- The problem
Transcribe the listing exactly; drop the images.

- Task data

==========

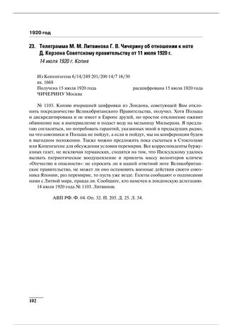 Телеграмма М.М. Литвинова Г.В. Чичерину об отношении к ноте Д. Керзона Советскому правительству от 11 июля 1920 г. 14 июля 1920 г. // АВП РФ. Ф. 04. Оп. 32. П. 205. Д. 25. Л. 34.
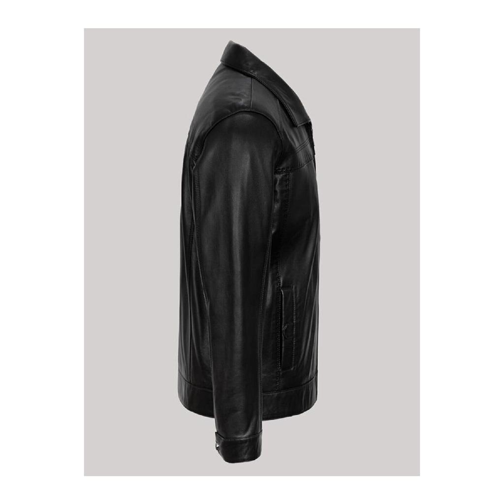 Черное мужское кожаное пальто из натуральной кожи с плоскими карманами
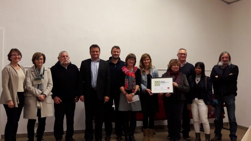 De gauche à droite : Mme Chevalier, Conseil Départemental de la Dordogne ; Mme Vergez, conseillère municipale adjointe à Lalinde ; M. Brunat, maire de Verdon ; M. Cathus, Région Nouvelle-Aquitaine ; M. Vasquez, Mme Pastor-Duby, Mme Fortin, représentants de la MAIF ; Mme Wolff, présidente des Rives de l’Art ; M. Chiarla et Mme Naissant-Marrero, professeurs au Lycée des Métiers Hélène Duc-Sud Périgord de Bergerac et l’artiste Jean-François Noble.
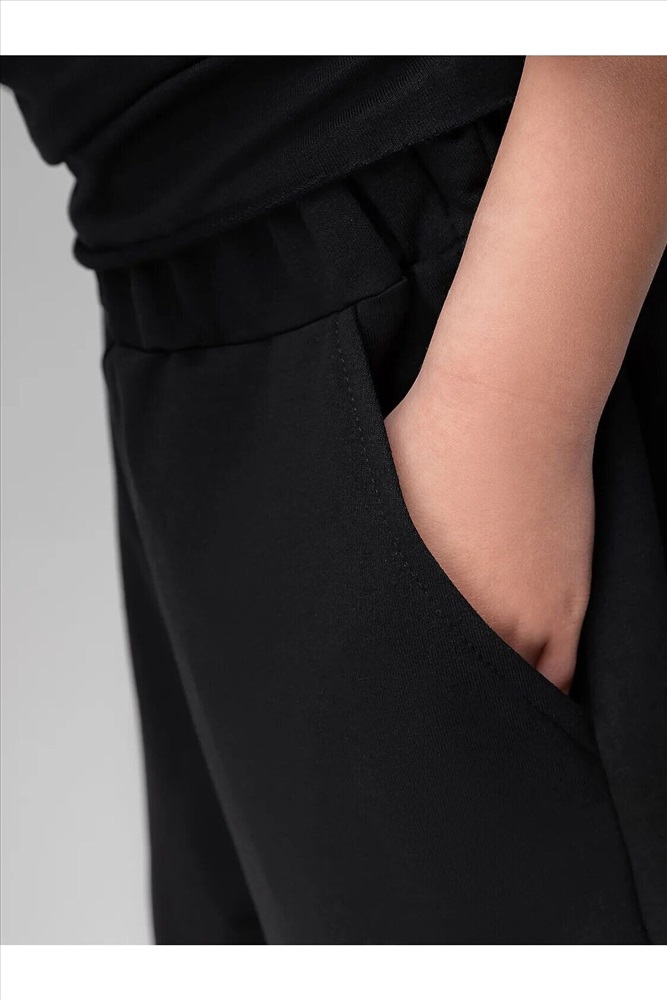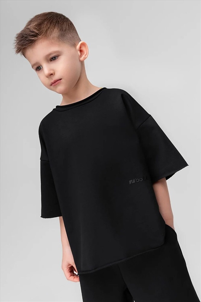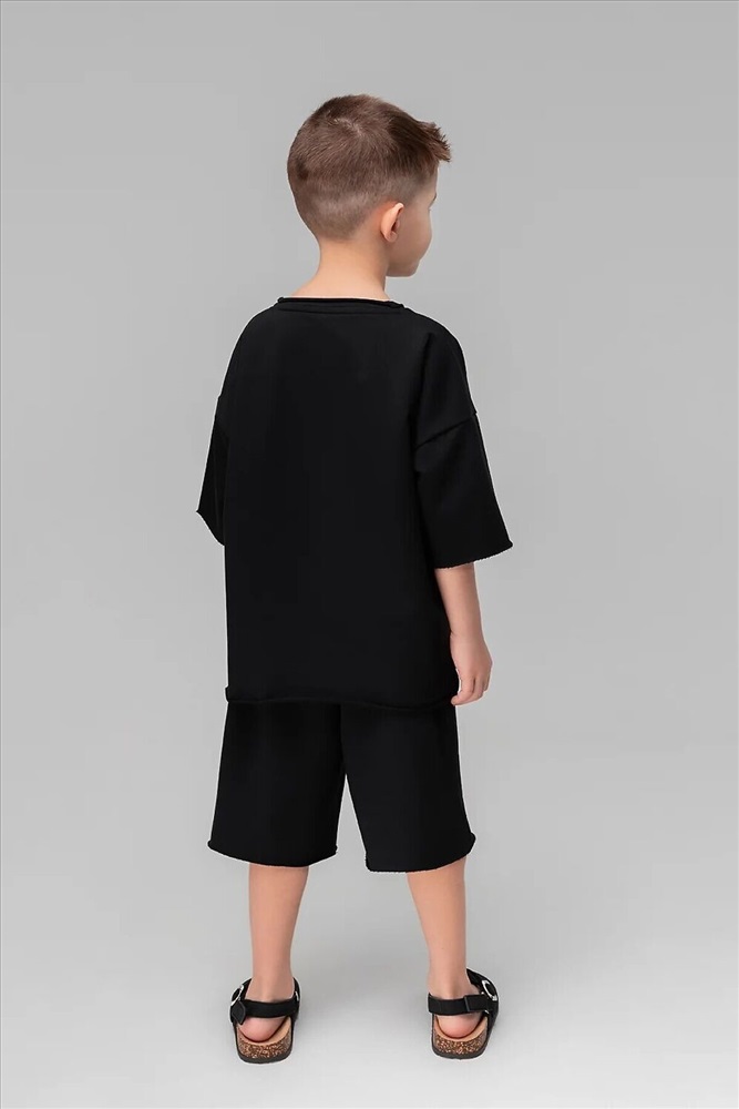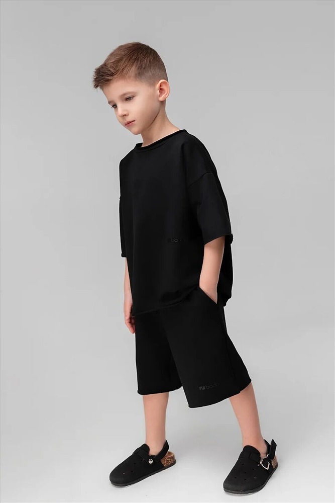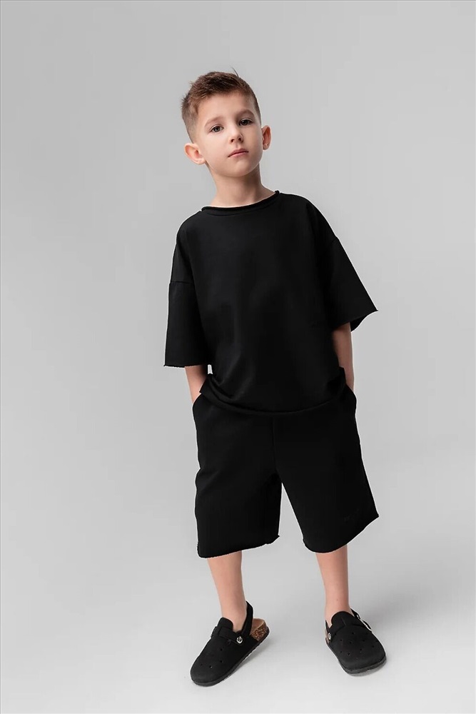 Футболка свободного силуэта со спущенным плечом с втачным коротким рукавом. Горловина футболки округлой формы, обработана рибаной. В комплекте шорты.
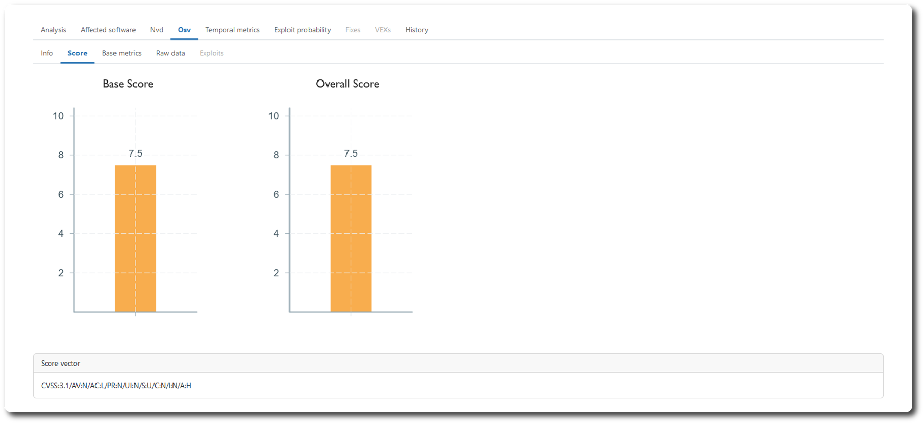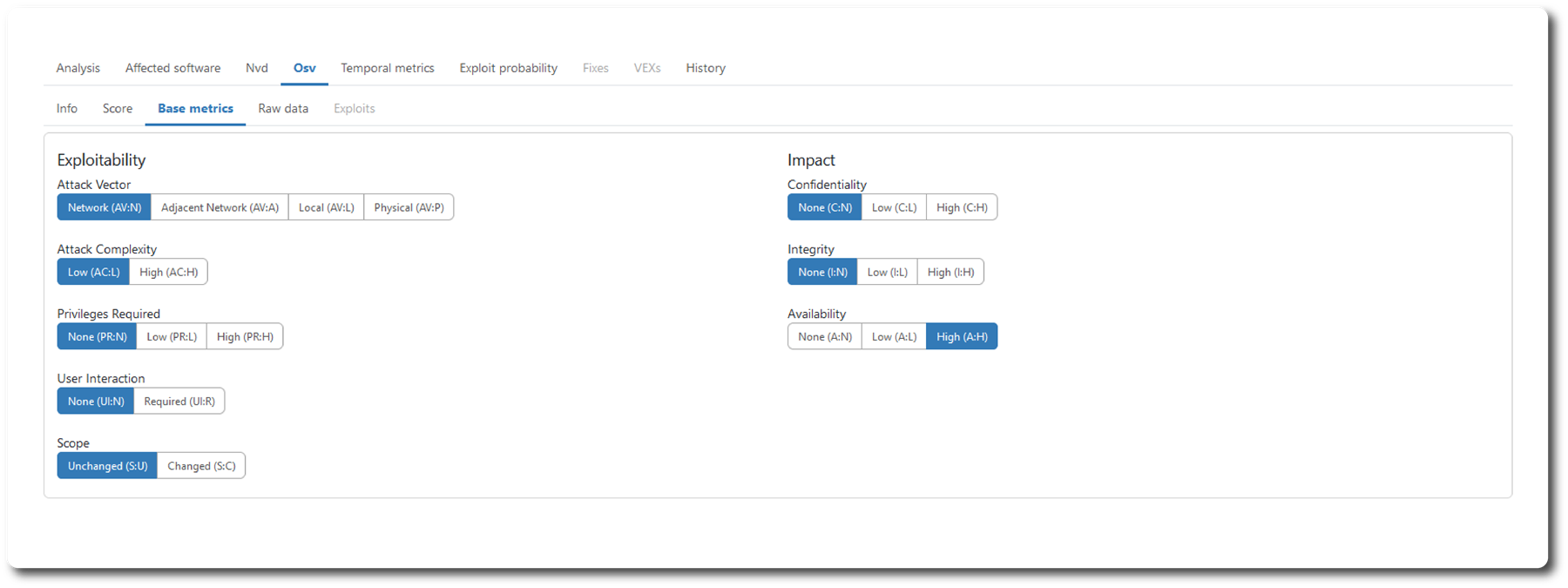 The Base metrics tab contains the Base Score reflecting the severity of a vulnerability according to its intrinsic characteristics which are constant over time and assume the reasonable worst-case impact across different deployed environments.

==========

- Answer box
 Телеграмма М.М. Литвинова Г.В. Чичерину об отношении к ноте Д. Керзона Советскому правительству от 11 июля 1920 г. 14 июля 1920 г. // АВП РФ. Ф. 04. Оп. 32. П. 205. Д. 25. Л. 34.
 Черное мужское кожаное пальто из натуральной кожи с плоскими карманами
 De gauche à droite : Mme Chevalier, Conseil Départemental de la Dordogne ; Mme Vergez, conseillère municipale adjointe à Lalinde ; M. Brunat, maire de Verdon ; M. Cathus, Région Nouvelle-Aquitaine ; M. Vasquez, Mme Pastor-Duby, Mme Fortin, représentants de la MAIF ; Mme Wolff, présidente des Rives de l’Art ; M. Chiarla et Mme Naissant-Marrero, professeurs au Lycée des Métiers Hélène Duc-Sud Périgord de Bergerac et l’artiste Jean-François Noble.
 Футболка свободного силуэта со спущенным плечом с втачным коротким рукавом. Горловина футболки округлой формы, обработана рибаной. В комплекте шорты.
 The Base metrics tab contains the Base Score reflecting the severity of a vulnerability according to its intrinsic characteristics which are constant over time and assume the reasonable worst-case impact across different deployed environments.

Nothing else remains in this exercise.